| Activity |
Leaving out every picture, copy the lines of the material below exactly, from the line containing "KB증권의 일반 청약자" through the line containing "από ανακαινίσεις. |".
(Dataset section begins)
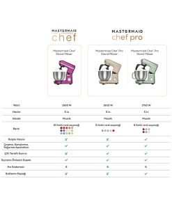 Matermaid Chef Pro 1500W motor gücü ile ideal çırpma, karıştırma ve yoğurma işlemlerini kolaylıkla gerçekleştirir. Zero Side Tech Özel geliştirilmiş çift kollu aparatı, hamur kancası, balon çırpıcı ve düz karıştırıcı ile ters yönde tam tur dönerek kasede gıda kalıntısı bırakmaz ve daha homojen karışımlar elde etmenizi sağlar. 6 kademeli hız ayarı ve ek pulse fonksiyonu vardır. Özel tasarım çırpma teli kasenin her yerine ulaşır, en küçük porsiyonları bile rahatlıkla karıştırabilirsiniz. Hamur kancası ile ekmek, makarna, börek gibi tüm hamur işleriniz için istediğiniz miktar ve kıvamda hamuru yoğurarak mükemmel sonuçlar elde edebilirsiniz. Düz karıştırıcı aparatı ile püre, krep gibi karışımları en ideal kıvamda hazırlayabilirsiniz. Hamur yoğurma ve karıştırma aparatları özel kaplamaları sayesinde yapışmaz ve kolay temizlenebilir. Tek hareketle açılabilen oynar başlıklı üst gövde ve güçlü tutucu ayaklar sayesinde hamur maksimum seviyede karışırken bile gövde stabil kalır. 4 farklı renk seçeneği ile Mastermaid Stand Mikser her renkte dekore edilmiş mutfağa uyum sağlar. Aparatları bulaşık makinesinde yıkanabilir.
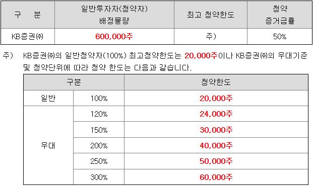 KB증권의 일반 청약자 배정 물량은 600,000주이고, 일반 청약자의 최고 청약 한도는 일반 고객 기준 20,000주입니다.
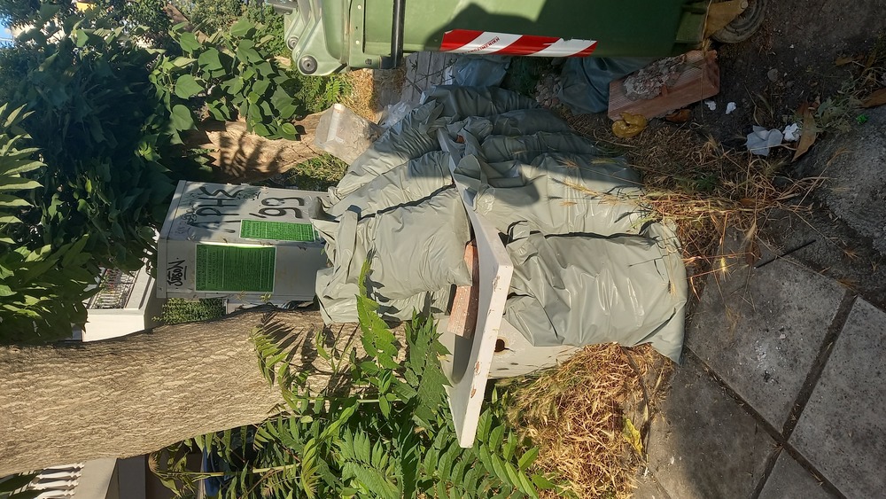 | Περιγραφή | Δίπλα στον πράσινο κάδο υπάρχουν μπάζα από ανακαινίσεις. |
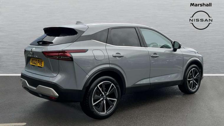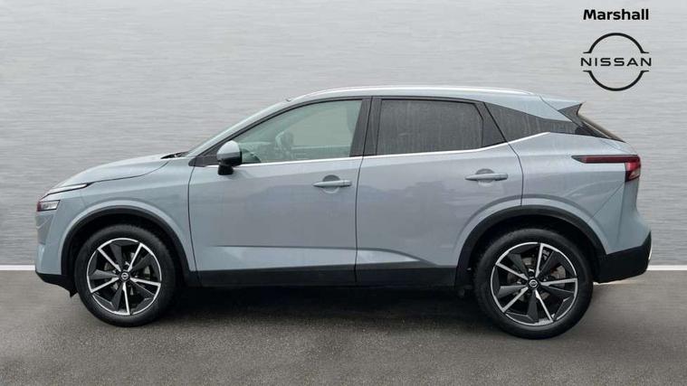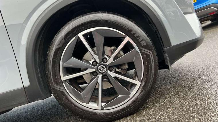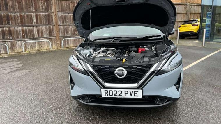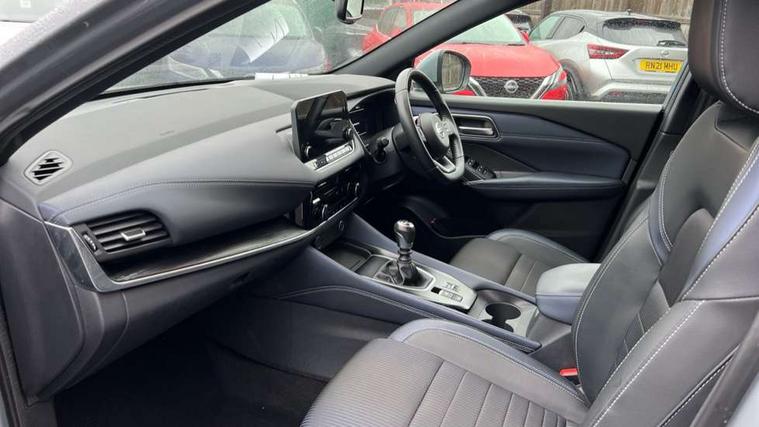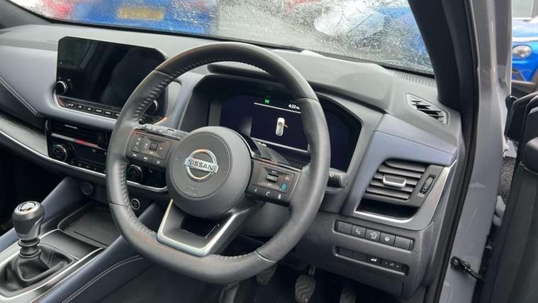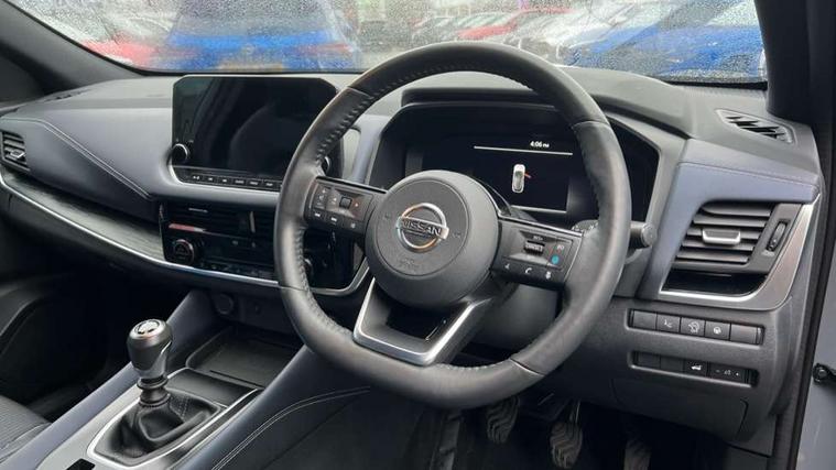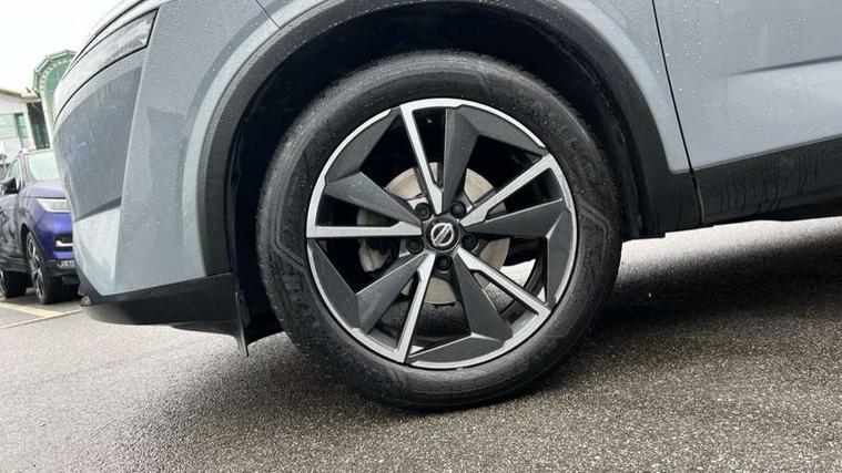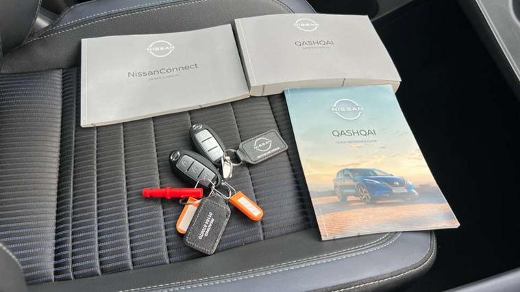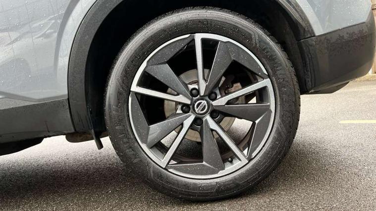 Blind spot warning, Drive modes (sport, normal, eco), Electric speed sensitive power steering, Emergency and breakdown call, Front and rear parking sensors, Full Digital 12.3" TFT Digital Combimeter, Google maps services - search, weather, 3D maps and Google street view, Hands free power tailgate, Idle stop/start system, Intelligent around view monitor, Intelligent Cruise control (ICC), Intelligent driver alert system, Intelligent forward collision warning, Intelligent lane intervention, Lane departure prevention, Lane departure warning system, Moving object detection, Nissan connect 12.3 inch touchscreen infotainment system, Nissan connect navigation, Push button starter, Rear cross traffic alert, Remote control services - door locks, lights, horn and car locator, Telematics - notifications and connectivity services, TomTom live traffic services, Traffic sign recognition with legal speed adjustment, Trip computer, Virtual personal assistant and firmware over the air capability, Wireless Apple CarPlay and wired Android Auto, Wireless charging pad, 6 speakers, AM/FM audio system with DAB, Bluetooth audio streaming, Front USB connections (Type-A and Type-C), Rear USB charging only ports (Type-A and Type-C), Auto dimming rear view mirror, Auto rear wiper when reversing, Automatic hazard signal with emergency stop signal, Body colour mirror caps, Body coloured door handles, Bodyside mouldings, Chrome side window finisher, Door handle with button, Dusk sensor, Electric auto folding door mirrors, Electrically adjustable and heated door mirrors with LED turn indicator, Fixed panoramic glass roof with electric sunshade, Follow me home headlights, Front and rear LED turning signals, Intelligent auto headlights, LED daytime running lights, LED rear lights, One touch front and rear electric windows with remote opening and closing, Partially body coloured bumpers, Privacy glass, Rain sensor, Rear bumper with graphite insert, Rear roof spoiler, Rear side wing doors, Rear styling plate, Roof rails, Shark fin antenna, Splash free rain sensing wipers, Super UV and infrared cut glass, Three blink turn signal, 12v power socket in dashboard and luggage, 2 way electrical driver lumbar adjustment, 2x Rear coat hooks, 3 bench rear seats in 2nd row, 3 rear headrests, 4 folding assist grip, 6 Luggage hooks - 4 on floor, 2 on side, 60/40 split folding rear seat bench, 8 way electric adjustable drivers seat, Ambient lighting around centre console, Ambient lighting in front doors, Centre console storage tray, Chrome interior door handles, Cloth/syntech leather monoform upholstery, Dark black/blueish PVC wrapping, Dark headlining, Driver and front passenger sunvisors with illuminated vanity mirrors, Driver seat back pocket, Dual zone automatic climate control with pollen filter, Front and rear door storage, Front cupholders x 2, Front door with bottle holders, Glovebox with light, Hard trunk cover, Height adjustable front headrests, Leather shift knob, Leather steering wheel, Luggage board system, Luggage space lighting, Manual lumbar support on passenger seat, Manually adjustable passenger (slide recline + lifter), Multifunction steering wheel, Passenger seat back pocket, PVC front centre console and armrest, Rear armrest with 2 cupholders, Rear door bottle holders, Single front passenger seat, Soft PVC kneepad, Steering wheel switches, Tilt/telescopic adjustable steering wheel, Two rear isofix child seat anchorage points with top tether, Welcome light and doors with console tray ambient lighting, Drive assist pack - Qashqai, Heat pack - Qashqai, Tech Pack (Drive Assist + HUD), 3x3 point rear seatbelt pretensioners + load limiters, ABS, ESP, EBD and brake assist, Active brake limited slip, Auto hold function, Child locks on rear doors, Curtain and front side, far side airbags, Driver and passenger airbags, Driver, passenger and 2nd row rear seat belt reminder, Electronic parking brake, Front seatbelt pretensioners + load limiters, Height adjustable front seatbelts, Hill start assist, Intelligent blind spot intervention, Intelligent front emergency braking with pedestrian, cyclist recognition and junction assist, Intelligent rear automatic braking, Tyre pressure monitoring system, Vehicle dynamic control, Capless fuel filler, Engine immobiliser, Nissan i-key, Remote central door locking with deadlocking, Thatcham Cat.1 alarm, Interior instrumental panel C finisher, 19" Alloy wheels, Tyre puncture repair kit,
(Dataset section ends)
| Result below |
 KB증권의 일반 청약자 배정 물량은 600,000주이고, 일반 청약자의 최고 청약 한도는 일반 고객 기준 20,000주입니다.
 | Περιγραφή | Δίπλα στον πράσινο κάδο υπάρχουν μπάζα από ανακαινίσεις. |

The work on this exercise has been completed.